• What to do:
Starting at the line below with "Along with the" and stopping at the line with "Retrouvez ci-dessous les", please print each line exactly, those two included, and skip every picture.

• Data for analysis:
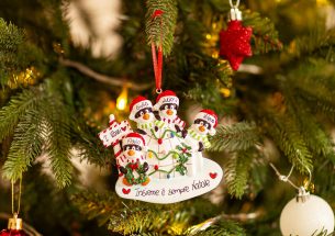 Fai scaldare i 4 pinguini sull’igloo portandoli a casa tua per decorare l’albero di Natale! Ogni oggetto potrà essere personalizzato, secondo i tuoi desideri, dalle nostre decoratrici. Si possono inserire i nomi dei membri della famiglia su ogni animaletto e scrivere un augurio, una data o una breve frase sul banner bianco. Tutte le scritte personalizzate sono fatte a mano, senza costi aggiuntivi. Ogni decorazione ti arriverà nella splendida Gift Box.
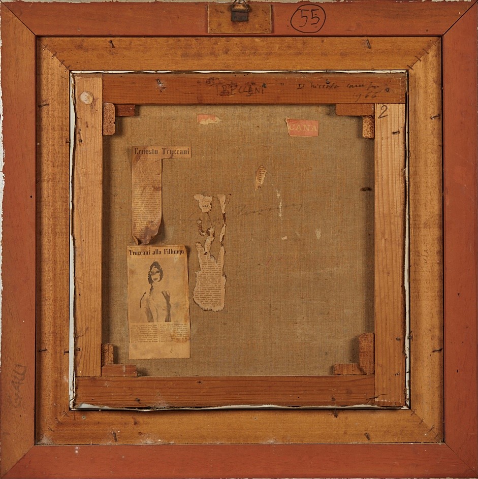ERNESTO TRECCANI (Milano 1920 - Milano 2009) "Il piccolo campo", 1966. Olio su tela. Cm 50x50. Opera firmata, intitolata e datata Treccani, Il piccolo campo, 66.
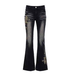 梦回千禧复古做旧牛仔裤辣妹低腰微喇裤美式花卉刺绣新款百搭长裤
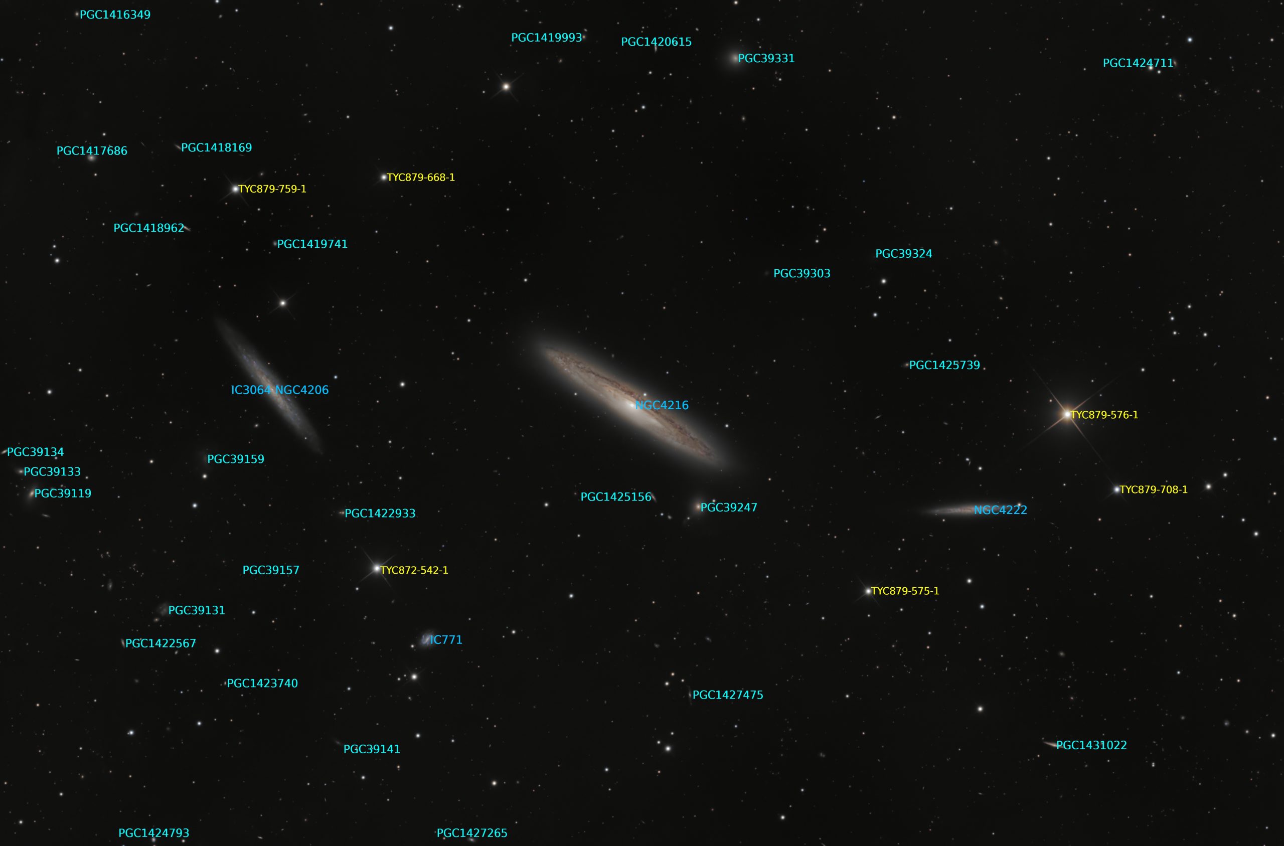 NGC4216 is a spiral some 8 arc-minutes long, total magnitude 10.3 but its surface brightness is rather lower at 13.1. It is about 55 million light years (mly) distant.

---

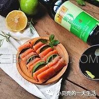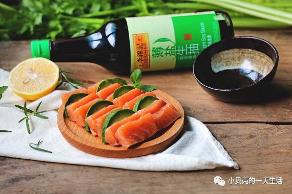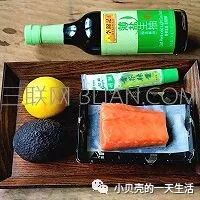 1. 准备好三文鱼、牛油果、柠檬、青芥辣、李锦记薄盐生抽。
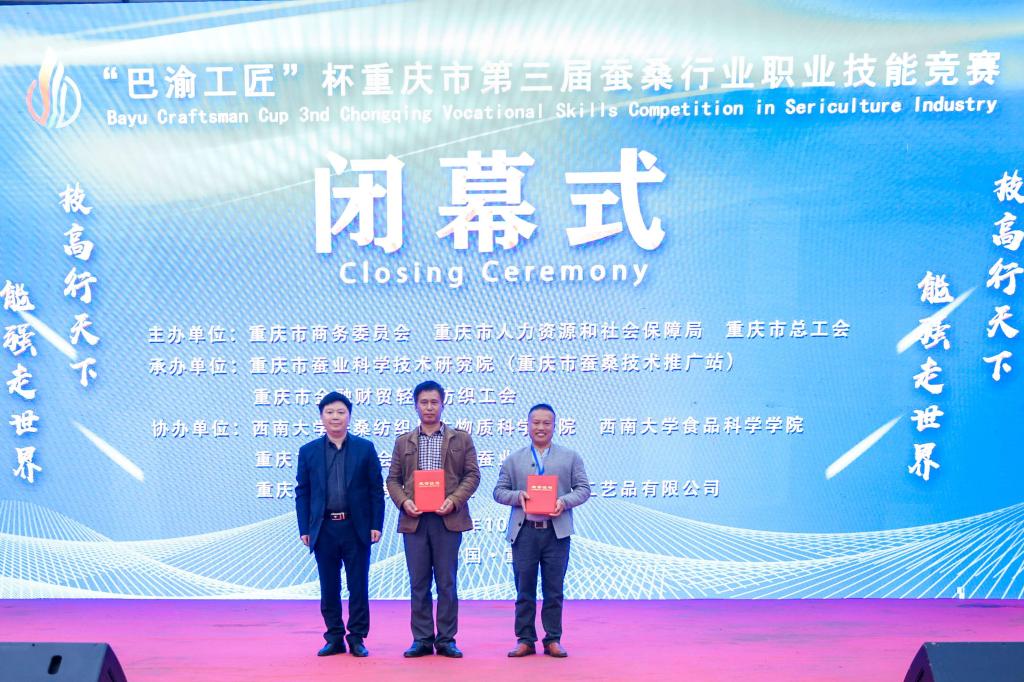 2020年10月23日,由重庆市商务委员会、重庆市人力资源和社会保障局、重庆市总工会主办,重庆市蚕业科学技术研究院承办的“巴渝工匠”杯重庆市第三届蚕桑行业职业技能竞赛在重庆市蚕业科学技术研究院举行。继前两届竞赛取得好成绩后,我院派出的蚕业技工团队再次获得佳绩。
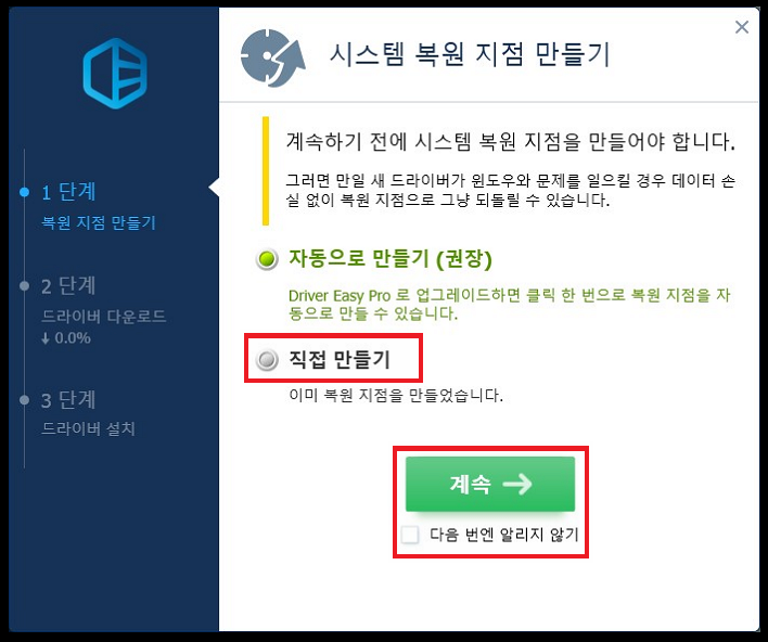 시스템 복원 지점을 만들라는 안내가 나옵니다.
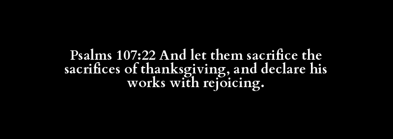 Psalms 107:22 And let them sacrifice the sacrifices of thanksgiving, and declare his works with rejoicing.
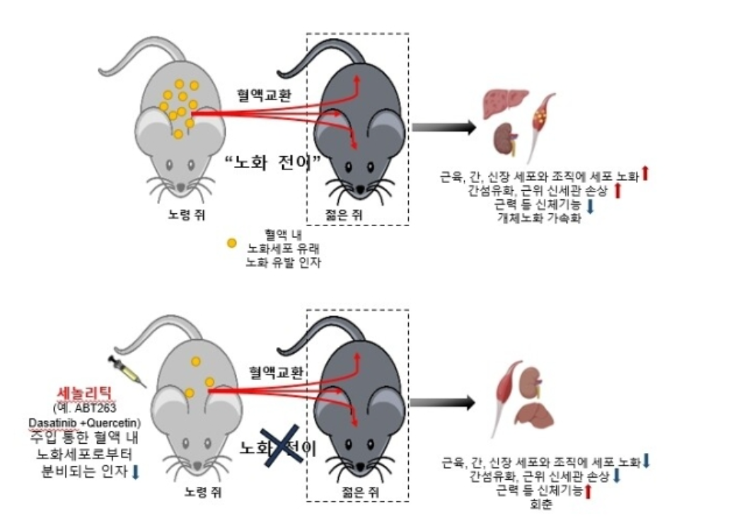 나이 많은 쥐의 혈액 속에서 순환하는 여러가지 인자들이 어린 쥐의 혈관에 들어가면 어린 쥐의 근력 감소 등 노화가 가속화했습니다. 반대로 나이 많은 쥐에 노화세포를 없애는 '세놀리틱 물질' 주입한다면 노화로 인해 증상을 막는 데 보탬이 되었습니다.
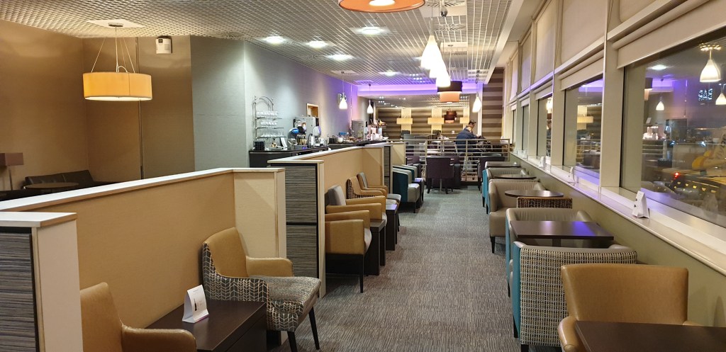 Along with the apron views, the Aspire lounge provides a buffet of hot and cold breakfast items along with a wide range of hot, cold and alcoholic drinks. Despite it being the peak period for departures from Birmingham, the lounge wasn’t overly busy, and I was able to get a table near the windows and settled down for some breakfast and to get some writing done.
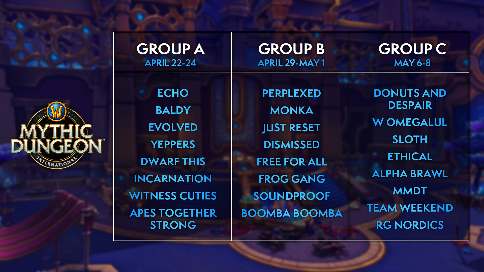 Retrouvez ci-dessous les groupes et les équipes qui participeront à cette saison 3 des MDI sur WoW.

==

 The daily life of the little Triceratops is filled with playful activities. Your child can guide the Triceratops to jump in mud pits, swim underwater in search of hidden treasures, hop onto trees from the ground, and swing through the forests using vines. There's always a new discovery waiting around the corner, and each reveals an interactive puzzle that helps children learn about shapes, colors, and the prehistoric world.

• Written response:
 Along with the apron views, the Aspire lounge provides a buffet of hot and cold breakfast items along with a wide range of hot, cold and alcoholic drinks. Despite it being the peak period for departures from Birmingham, the lounge wasn’t overly busy, and I was able to get a table near the windows and settled down for some breakfast and to get some writing done.
 Retrouvez ci-dessous les groupes et les équipes qui participeront à cette saison 3 des MDI sur WoW.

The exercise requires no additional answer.